* Supplied information *
**********

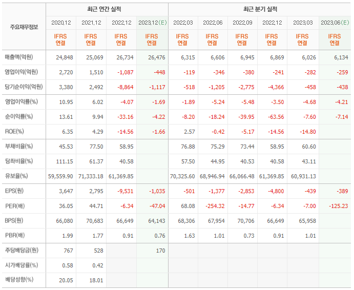 2022년 실적은 2조 6734억, 영업이익은 -1087억입니다. 그리고 영업이익률은 -4.07%입니다.
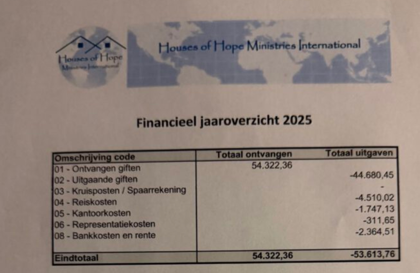 Houses of Hope Ministries International heeft als beleid géén beloningen uit te keren.
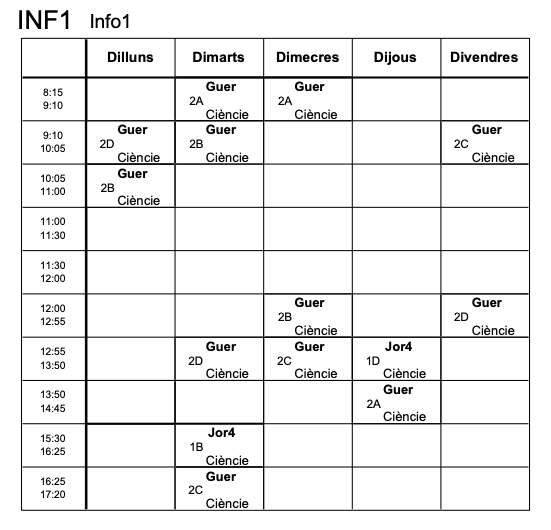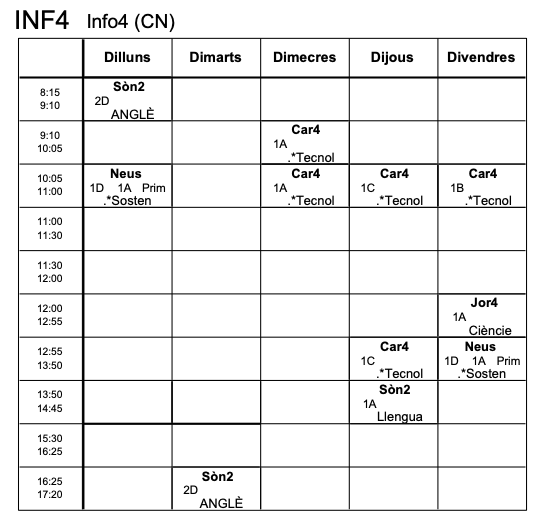 | Horari Info 4 | Horari Pati | Aula Polivalent |
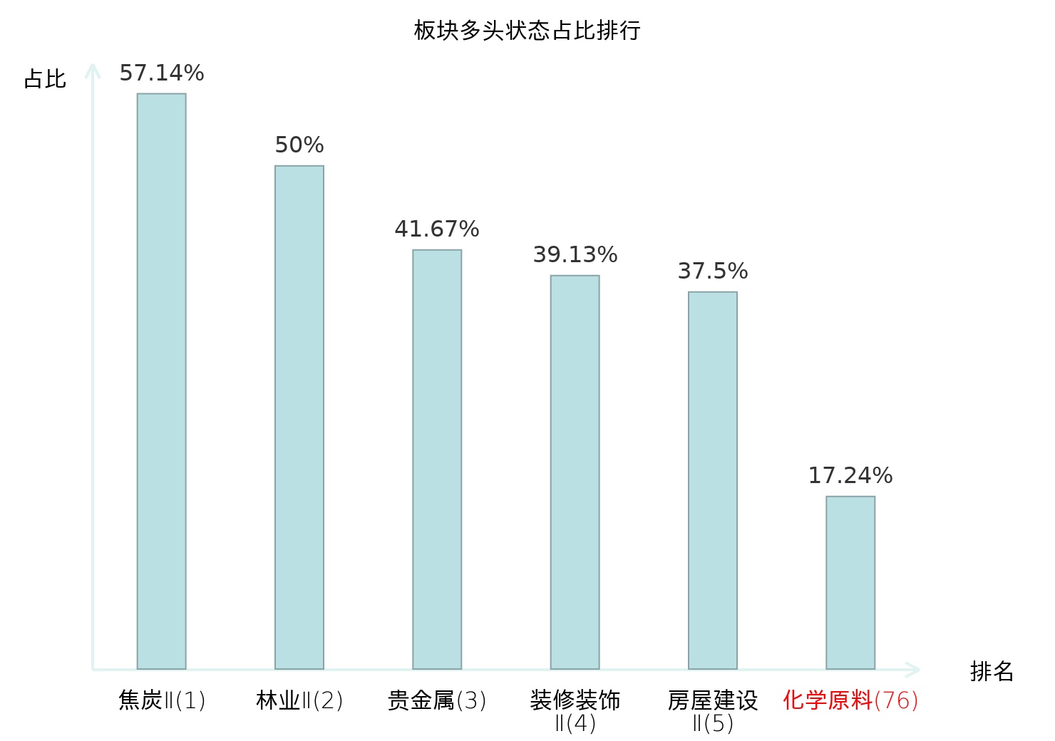 全市场所有行业板块中主力多头状态占比排名中,焦炭Ⅱ板块位居第一。白色家电板块名次提升最快,较昨日上升84位。
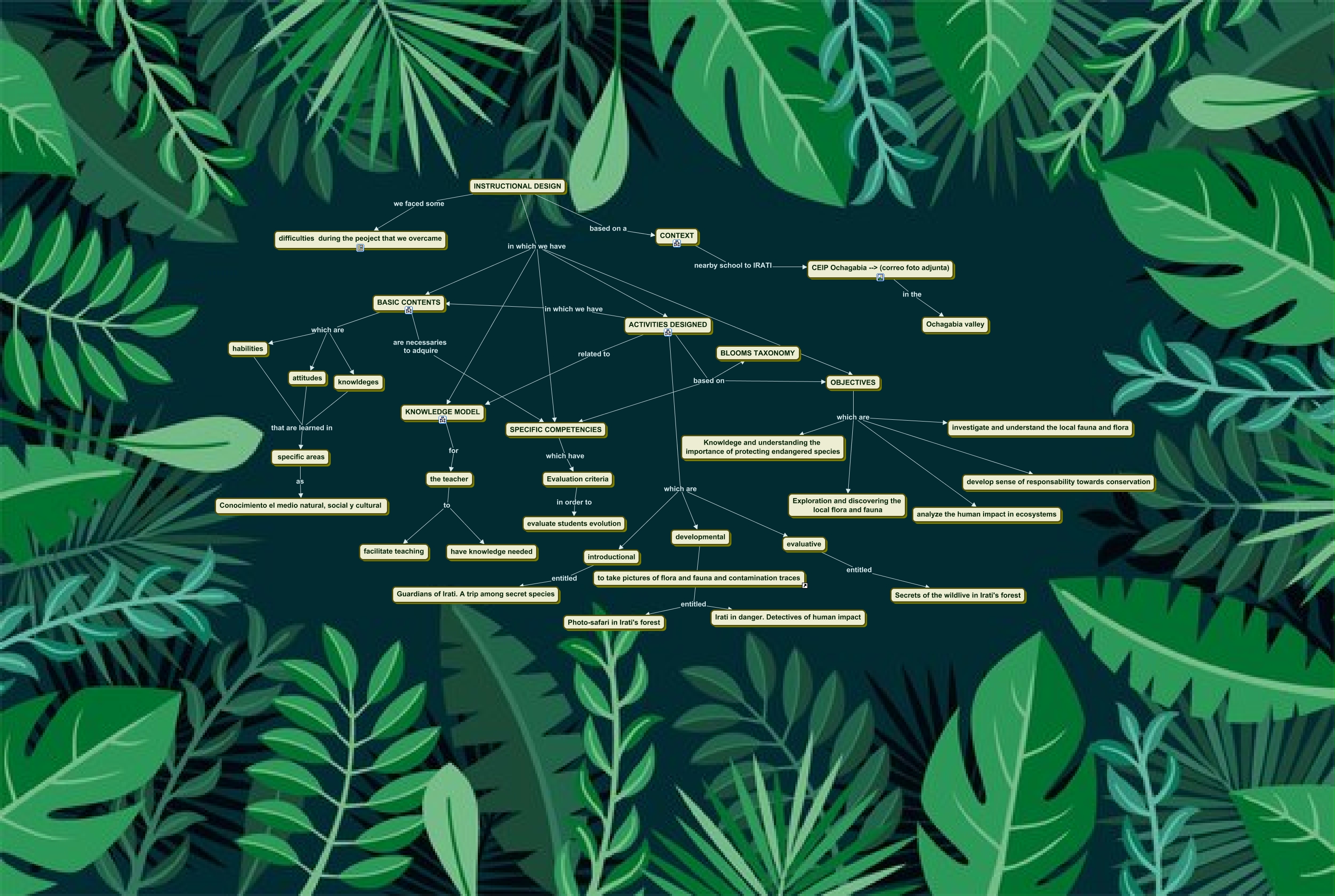 This Concept Map, created with IHMC CmapTools, has information related to: Instructional design, attitudes that are learned in specific areas, KNOWLEDGE MODEL for the teacher, OBJECTIVES which are develop sense of responsability towards conservation, habilities that are learned in specific areas, ACTIVITIES DESIGNED based on BLOOMS TAXONOMY, INSTRUCTIONAL DESIGN in which we have OBJECTIVES, INSTRUCTIONAL DESIGN we faced some difficulties during the peoject that we overcame, developmental entitled Irati in danger. Detectives of human impact, Evaluation criteria in order to evaluate students evolution, INSTRUCTIONAL DESIGN in which we have BASIC CONTENTS, the teacher to facilitate teaching, BASIC CONTENTS are necessaries to adquire SPECIFIC COMPETENCIES, CONTEXT nearby school to IRATI CEIP Ochagabia --> (correo foto adjunta), ACTIVITIES DESIGNED which are developmental, developmental entitled Photo-safari in Irati's forest, BASIC CONTENTS which are attitudes, OBJECTIVES which are analyze the human impact in ecosystems, ACTIVITIES DESIGNED which are evaluative, introductional entitled Guardians of Irati. A trip among secret species, INSTRUCTIONAL DESIGN in which we have SPECIFIC COMPETENCIES

**********

* Exercise objective *
Repeat exactly the lines above, starting at the one that contains "Houses of Hope" and stopping at the last line of the entries, and leave out the pictures.

* Response to the exercise *
 Houses of Hope Ministries International heeft als beleid géén beloningen uit te keren.
 | Horari Info 4 | Horari Pati | Aula Polivalent |
 全市场所有行业板块中主力多头状态占比排名中,焦炭Ⅱ板块位居第一。白色家电板块名次提升最快,较昨日上升84位。
 This Concept Map, created with IHMC CmapTools, has information related to: Instructional design, attitudes that are learned in specific areas, KNOWLEDGE MODEL for the teacher, OBJECTIVES which are develop sense of responsability towards conservation, habilities that are learned in specific areas, ACTIVITIES DESIGNED based on BLOOMS TAXONOMY, INSTRUCTIONAL DESIGN in which we have OBJECTIVES, INSTRUCTIONAL DESIGN we faced some difficulties during the peoject that we overcame, developmental entitled Irati in danger. Detectives of human impact, Evaluation criteria in order to evaluate students evolution, INSTRUCTIONAL DESIGN in which we have BASIC CONTENTS, the teacher to facilitate teaching, BASIC CONTENTS are necessaries to adquire SPECIFIC COMPETENCIES, CONTEXT nearby school to IRATI CEIP Ochagabia --> (correo foto adjunta), ACTIVITIES DESIGNED which are developmental, developmental entitled Photo-safari in Irati's forest, BASIC CONTENTS which are attitudes, OBJECTIVES which are analyze the human impact in ecosystems, ACTIVITIES DESIGNED which are evaluative, introductional entitled Guardians of Irati. A trip among secret species, INSTRUCTIONAL DESIGN in which we have SPECIFIC COMPETENCIES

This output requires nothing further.